The response to Institutes of Biblical Law was a very gratifying one. Few expected so large a study on a subject of so little concern to the churches to succeed. It did, however, meet with a very wide approval and response, among students, lawyers, legislators, churchmen, and others.

Hostile Reactions
It has also met with intense hostility at times. It would be well to review the areas of hostility in order to understand some of the key problems of our times. First, the comments on homosexuality outraged many. No other aspect led to more intense (if covert) opposition, slander, and sheer venom. Dr. David A. Noebel has observed to me that the church has perhaps been the central area of infiltration by homosexuals. I find this readily believable in terms of my experience. The homosexual clergy are sometimes great champions of love in the pulpit and savage practitioners of hatred on the sly.

Second, much hostility has been aroused by my statements with respect to the tithe. Many resent a mandatory tithe in favor of more “spiritual ” principles of giving, which they insist lead to more giving than does the tithe. I ask all such to prove to me that their “spiritually minded ” giving surpasses the tithe. None have done so. If “spiritual ” giving cannot equal the requirements of God’s law, it is clearly not the Holy Spirit which is the spirit thereof!

Third, a whole series of objections have their roots in the sexual revolution, which has permeated the churches, evangelical and Reformed, far more than appears on the surface. All too many find fornication and adultery justifiable at times, man being himself the judge of the times!

Obviously, many people are “all for the Lord," provided that He doesn’t interfere with their money and their sex lives!

A fourth general objection has been that the emphasis of Institutes of Biblical Law is on law rather than love.
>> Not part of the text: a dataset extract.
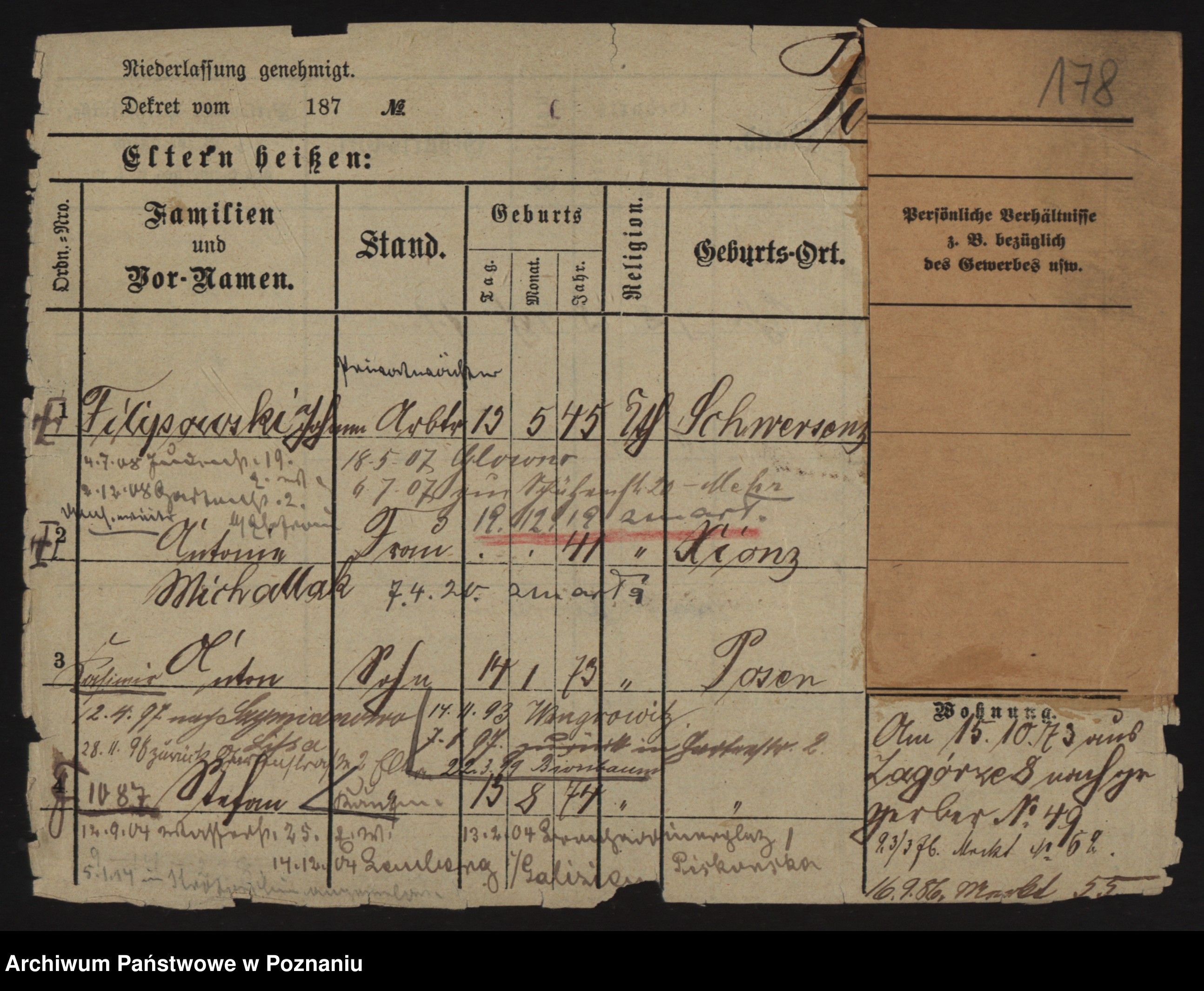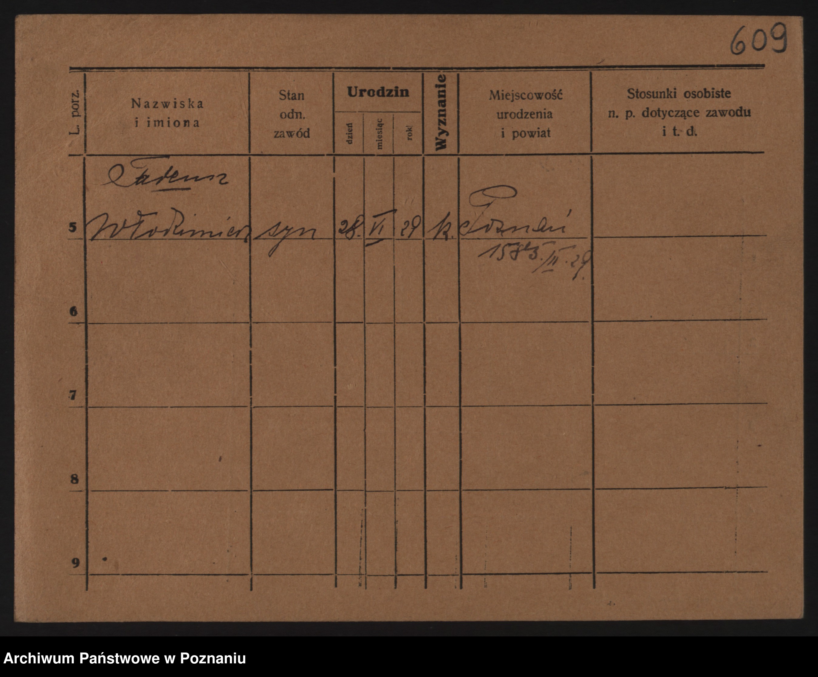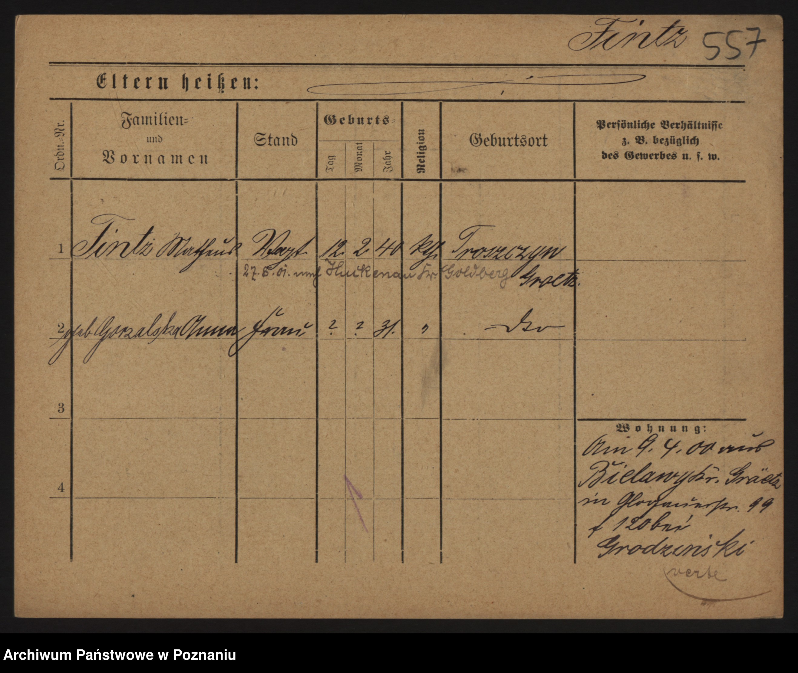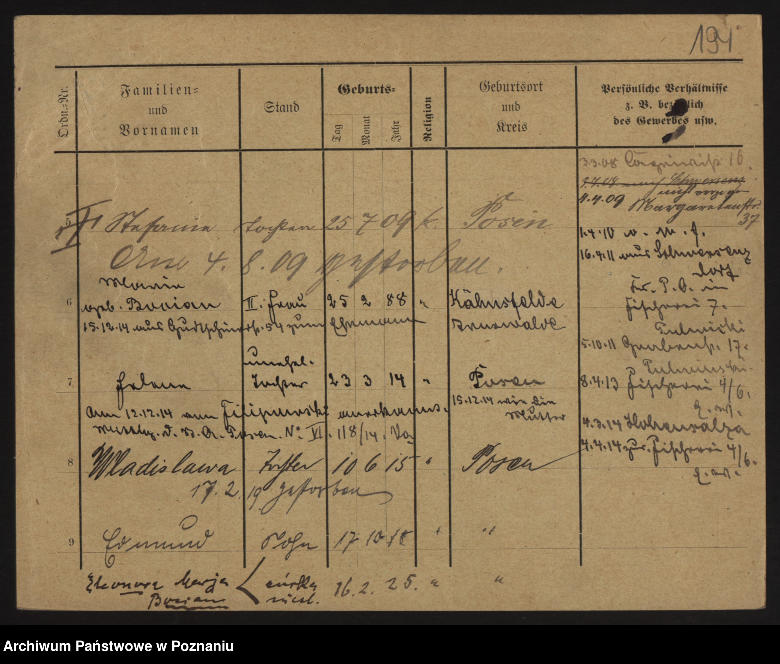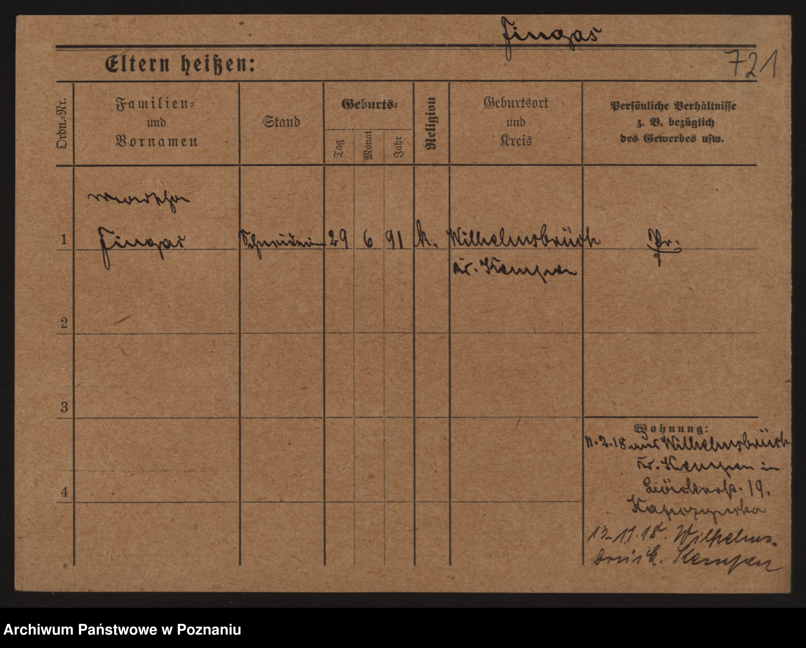 Podgląd karty osobowej dostępny jest po kliknięciu na nazwisko lub ikonkę karty. Można dokonywać powiększenia (ikony na górze) lub przechodzić między kolejnymi skanami (strzałki po bokach).

But Romans 13:8-10 makes clear that love is the fulfilling of the law, that is, love puts law into action: it respects God’s requirements concerning life, property, our neighbor, our enemy, and ourselves. Our Lord makes clear that to love God means to keep the first table of the law, and to love our neighbor means to keep the second table of the law (Mt. 22:34-40; Mk.12:28-34). We do not love our wife or God if we commit adultery, nor do we love God if we are idolaters and take His name in vain. Love is the law in action; hate is lawlessness in action. Love and hate are more than mere feelings: they are ways of life, either in faith and obedience to God and His law, or in unbelief and disobedience.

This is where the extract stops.